Kısacası ülke olarak yanlış bir trene bindik ve geçilen her istasyonda fatura büyüdü. Erdoğan ‘fetö sakızı’nı çiğneyip tükürdü ve malesef muhalefet de Erdoğan’ın çiğneyip tükürdüğü sakızı ağzına aldı, afiyetle kullanıyor.
Bir başka ifadeyle iktidara ‘fetöyle savunma’ stratejisini altın tepside sunan muhalefet oldu.
Özetle; Erdoğan muhalefet başta olmak üzere memleketin neredeyse tamamını uydurma bir ‘fetö’ söylemiyle dolmuşa bindirdi. Durumu fark edenler çeşitli nedenlerle o dolmuştan inmekte tereddüt etti.

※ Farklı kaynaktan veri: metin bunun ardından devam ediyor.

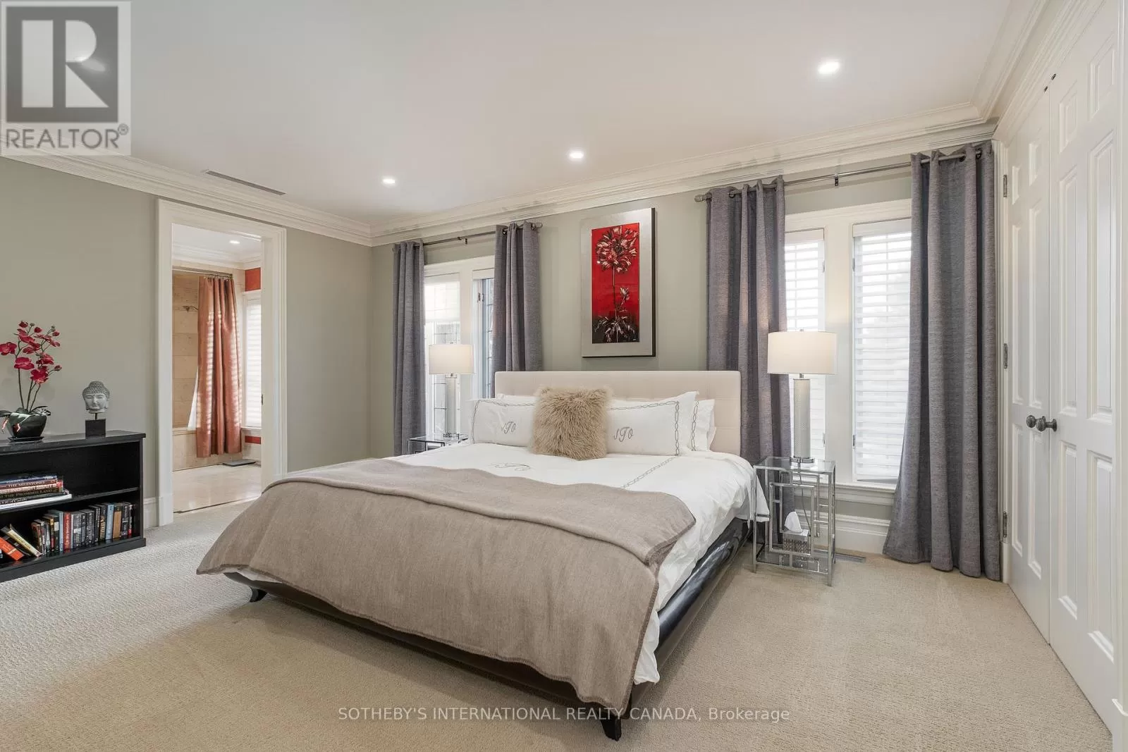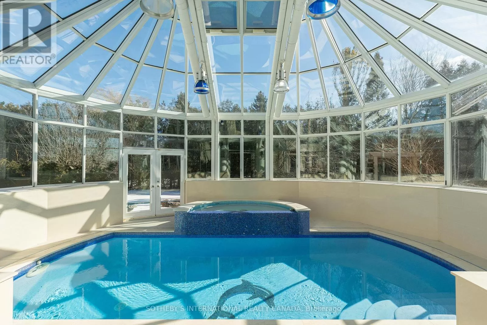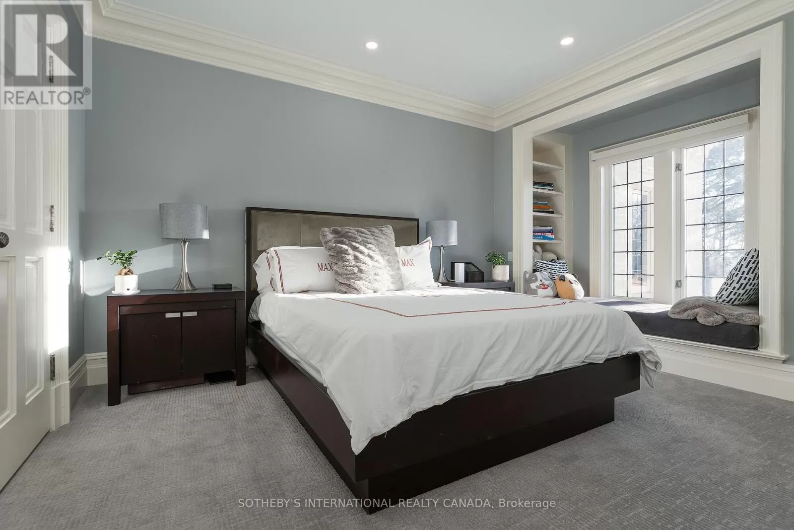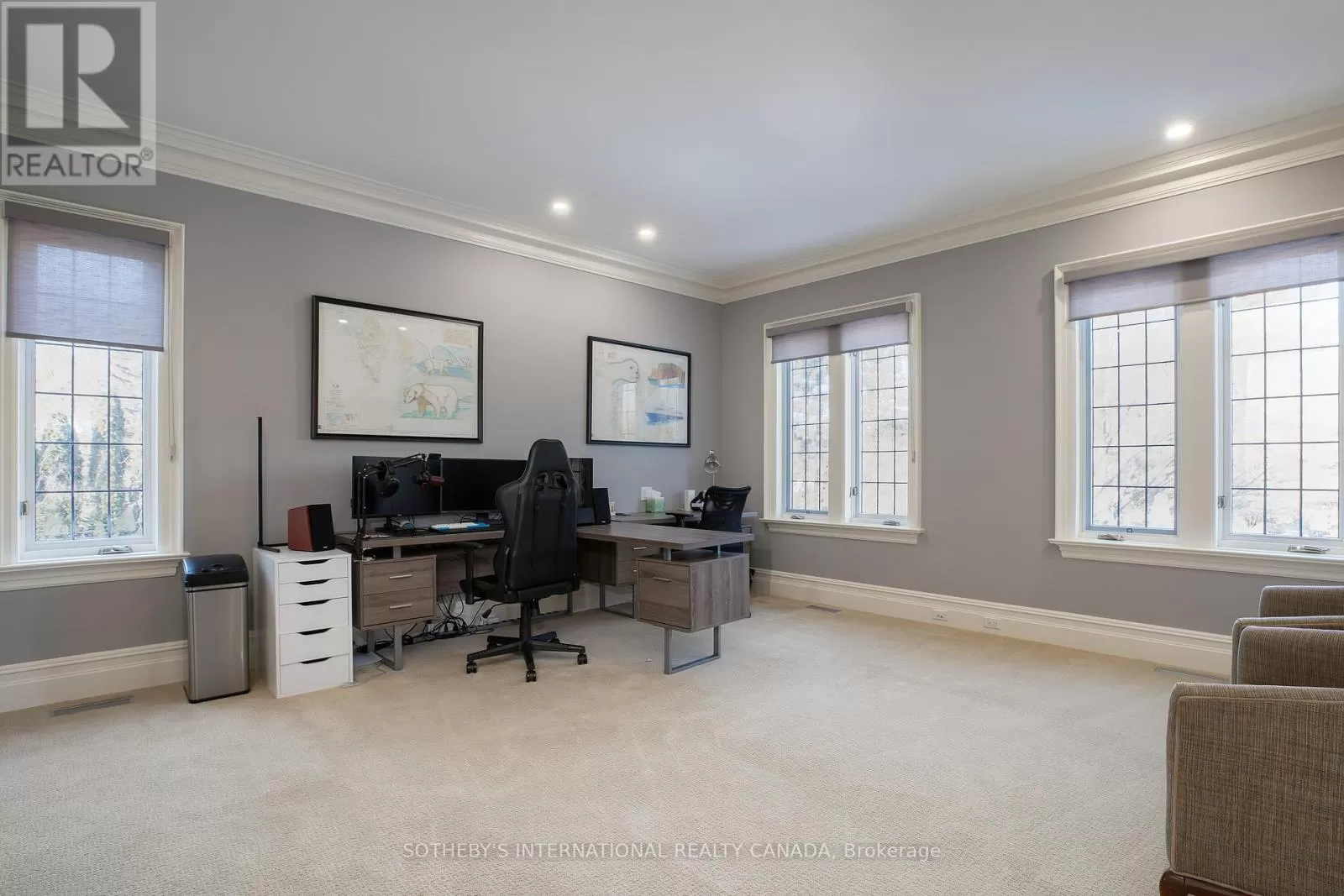 Cross Streets: Bayview And York Mills. ** Directions: Follow your GPS. Arguably one of Torontos most iconic estates, this French-style château is an extraordinary expression of European grandeur on a 3.12-acre double lot in the prestigious enclave of Bayview Ridge. Designed by renowned architect Gordon Ridgely, the residence commands unobstructed western views over the Rosedale Golf Club. Beyond the stately stone gates and circular drive, manicured gardens by Ron Holbrook frame a breathtaking setting featuring a negative-edge infinity pool, a reflecting pond with a stepped waterfall, tennis court, kitchen gardens, flagstone terraces, and a stone cabana. The striking façade spans nearly 150 feet, clad in Indiana buff limestone and rubble stone with Vermont unfaded green slate shingles and lead-coated copper details. An ivy-clad turret anchors the asymmetrical design, lending the home its signature silhouette. Inside, over 15,000 square feet of living space showcases Brazilian cherry wood floors with African wenge inlay, acid-etched antique Crema Marfil marble, coffered ceilings, Indiana limestone fireplaces, and solid North American cherry doors. Six principal bedrooms and two additional suites are complemented by ten baths and warm, richly detailed interiors. The main floor features an impressive library and office with wood-burning fireplace, a grand dining room with artisan-painted walls and ceilings, a conservatory beside the spacious family room, and a sunlit morning room perfect for coffee. Three staircases, including a hidden passage, lead to the lower level with a Bordeaux-inspired wine cellar, cigar room, gym, nanny suite with two bedrooms, a full kitchen, and a large recreation space. Upstairs, the primary suite offers a six-piece spa bathroom, dual dressing rooms, gas fireplace, and sweeping views. Each bedroom enjoys an ensuite bath and sitting area, blending luxury with practicality. This remarkable estate is a once-in-a-generation offering at once grand, intimate, and built to endure. (id:27476)

Dostoyevski’nin dediği gibi inilmeyen her istisyonda fatura büyüdü. Hâlâ da büyümeye devam ediyor. Ülkenin hazinesi boşaltılıyor cevap ‘fetö’ ile veriliyor. Anayasaya darbe yapılıyor iktidar cevabı yine ‘fetö’ üzerinden yapıyor. Yolsuzluk, arsızlık, suçüstü yapılıyor savunma yine ‘fetö’ oluyor!
İktidarın dilini kullanarak iktidarla mücadele edemezsiniz
Bu iş o kadar çığrından çıktı ki pezevenklik yaparken yakalanan adam bile kameraları görünce “Fetö ile mücadele ettiğim için başıma bunlar geldi!” diyebiliyor.
Dediğim gibi ‘fetö’ sakızına dair sayısız örnek verilebilir. O yüzden örnekleri uzatmak yerine sadede geleyim. Malum olduğu üzere faşizm dilde başlar. İktidarın dilini kullanarak muktedirle mücadele edemezsiniz. Malesef Erdoğan rejiminin muhalifleri bu kuralı bir türlü anlayamadı. Eğer rejimin dilini kullanırsanız muktedir de size bir sınır çizer, o çerçeve içinde oyalanır durursunuz.
Nitekim bugün yaşadığımız da tam olarak bu.
Peki ne yapılmalı ?
Cevap basit; iktidarın dilini reddedeceksiniz. En başta da ‘ne fetösü ulan’ deyip hesap soracaksınız. Mesela Fuat Oktay kendini ‘fetö’ ile savunduğunda muhalefetin demesi gereken, “Ne fetösü ulan. Sen aldığın rüşvetlerin hesabını ver!” diyerek başlayabilirsiniz. Aksi halde Erdoğan rejimi her türlü yolsuzluğu-ahlaksızlığı yapar ve siz de Erdoğan’ın önünüze attığı şeylerle oyalanır durursunuz.
Siz “Ne Fetösü ulan!” demedikçe bu tezgah devam edecek. Ne kadar gecikirseniz fatura da o kadar büyüyecek!